If you go to the Towne Square Mall before the stores open—and I can’t think why you would—you’ll likely find what I found there last Monday. I don’t usually go before the stores open. I don’t usually go at all, but I did that day, Martin Luther King Day, which thing I forgot until I got to the credit union, found it closed and knew then that the Post Office would be closed, too. Duh. It's on all my calendars.
So I headed for the mall. I would pass the time, do some walking, until J C Penney’s opened and I could return the shoes that don’t fit.
What I found when I got there was a nice little sub-culture.
I entered the mall. Two women—water bottles in hand, sweatshirts tied around their waists—came toward me, then made a U-turn and headed away from me. Serious walkers. I could see that, but I stopped them anyway.
“Do you walk every day?” I asked.
They answered in chorus, “Yes.”
“Do you know the distance?” not that I needed to know, but I could see they liked being asked, and I am a nice, friendly person. Usually.
“It’s about a mile, upstairs and downstairs,” said the older one, “a little more if you take all the side corridors.”
“Both floors together make a mile?” I asked.
“No. Each floor is a mile.”
“Cool,” I said, wishing I had chosen just about any other word, and they were off.

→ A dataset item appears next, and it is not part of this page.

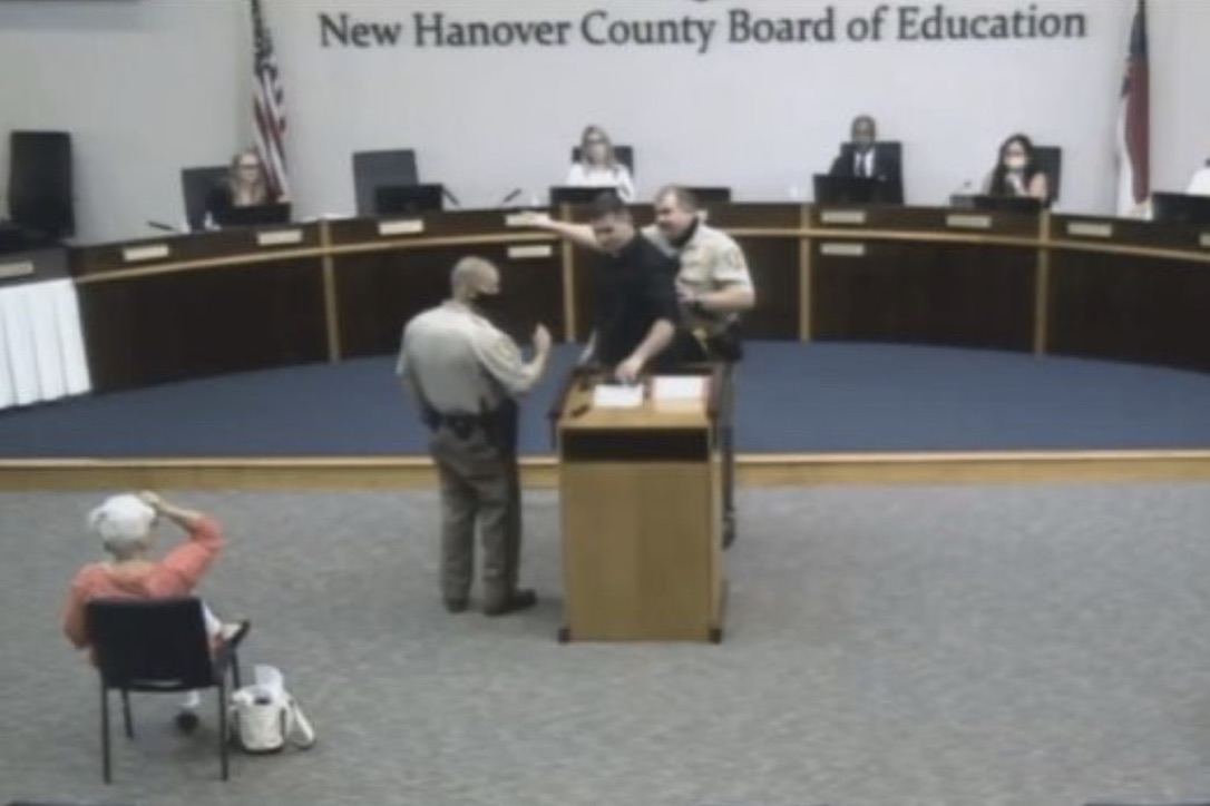 NEW HANOVER COUNTY –– Outside the June 8 New Hanover County Board of Education meeting, tensions heightened as two opposing groups shoved each other to reach the door and increase their chances of entry into the public meeting. Attendance was limited to just 50 people due to ongoing Covid restrictions, yet 54 speakers had signed up for public comment.

I followed but couldn’t keep up. I didn’t expect to. I’m kind of out of shape. I determined, though, that I would walk the upstairs, then go down and walk the downstairs. I could surely do that in the 25 minutes before Penney’s opened. And I did.
I was not alone.
I mean, I expected to see walkers here and there, but the place was crawling with them, so to speak, not that I counted. But, trust me, there were a lot of people walking the mall, and there were divisions of them, too. That is, the sub-culture had sub-groups.
All of this is neither startling, I suppose, nor world-shaking, but I found it fascinating, a look into life in Boise, Idaho. At least life at the mall in the mornings.